Informacoes sobre ordens
| Nome do Produto | Numero de Catalogo | UNID | Preco | Qde | FAVORITOS | |
NIPBL Plasmídeo duplo de Nickase (m) | sc-427895-NIC | 20 µg | $410.00 | |||
NIPBL Plasmídeo duplo de Nickase (m2) | sc-427895-NIC-2 | 20 µg | $410.00 |
Nipbl codifica a NIPBL, um fator de carregamento de coesina que coordena a coesão entre cromátides-irmãs e a organização da cromatina em níveis superiores ao longo do ciclo celular. Em células de camundongo, a NIPBL sustenta a comunicação de longo alcance entre enhancers e promotores e programas de controle transcricional que governam o desenvolvimento embrionário, a especificação de linhagem e as respostas a danos no DNA. A desregulação de Nipbl perturba a arquitetura genômica dependente de coesina e pode influenciar a sinalização de estresse replicativo, a segregação cromossômica e redes de expressão gênica. Como a alteração da função de NIPBL está ligada à desregulação de genes do desenvolvimento e a defeitos na estabilidade do genoma, ela é um alvo útil para estudar coesinopatias e mecanismos de doenças associadas à cromatina em modelos in vivo e in vitro.
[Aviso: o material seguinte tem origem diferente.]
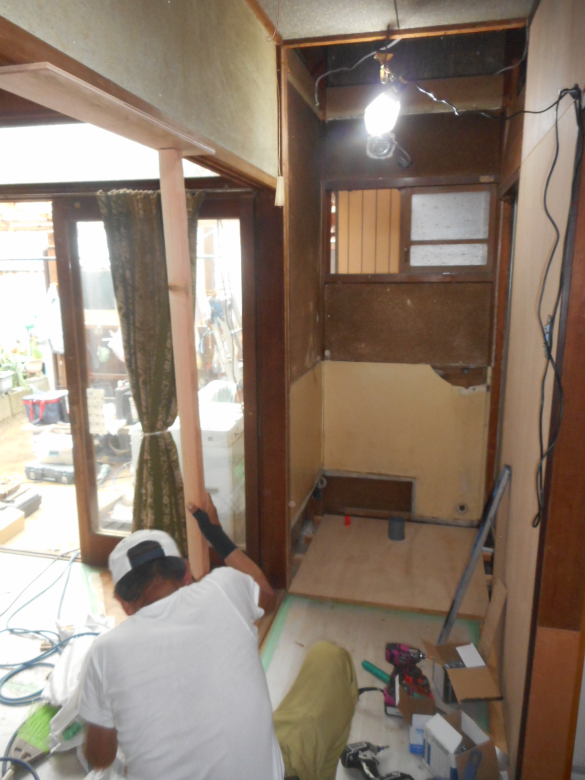 | 既存便器を撤去し、給排水管の整備をしました!! | 広くするため、左側の壁の骨組みをします!! |

NIPBL O Plasmídeo de Nickase Dupla (m) consiste num par de plasmídeos combinados, concebidos para a edição de alta especificidade do locus Nipbl em linhas celulares mouse. Cada plasmídeo expressa uma nickase Cas9 D10A e um sgRNA distinto que tem como alvo cadeias de ADN opostas dentro de Nipbl. Quando direcionadas para locais adjacentes em cadeias de ADN opostas, as duas nickases geram cortes deslocados numa única cadeia que, em conjunto, produzem uma quebra escalonada de cadeia dupla, exigindo uma atividade coordenada no alvo por parte de ambas as guias. A quebra de ADN resultante é resolvida por vias de reparação celular endógenas, mais frequentemente através da junção de extremidades não homólogas (NHEJ), levando a inserções ou deleções que perturbam a função Nipbl. Ao exigir o envolvimento de dois sgRNA no locus alvo, a abordagem de dupla nickase aumenta a especificidade da edição e fornece uma estratégia CRISPR complementar para aplicações em que se deseja um controlo adicional sobre a precisão do direcionamento.
Para apoiar a identificação eficiente das células editadas, um plasmídeo codifica GFP para visualização fluorescente das populações transfectadas, enquanto o plasmídeo complementar transporta um gene de resistência à puromicina para seleção antibiótica. Em conjunto, estas características apoiam o enriquecimento eficiente das populações co-transfectadas e simplificam a validação dos clones com Nipbl interrompido.
Apenas para uso em investigação. Não se destina a uso diagnóstico ou terapêutico.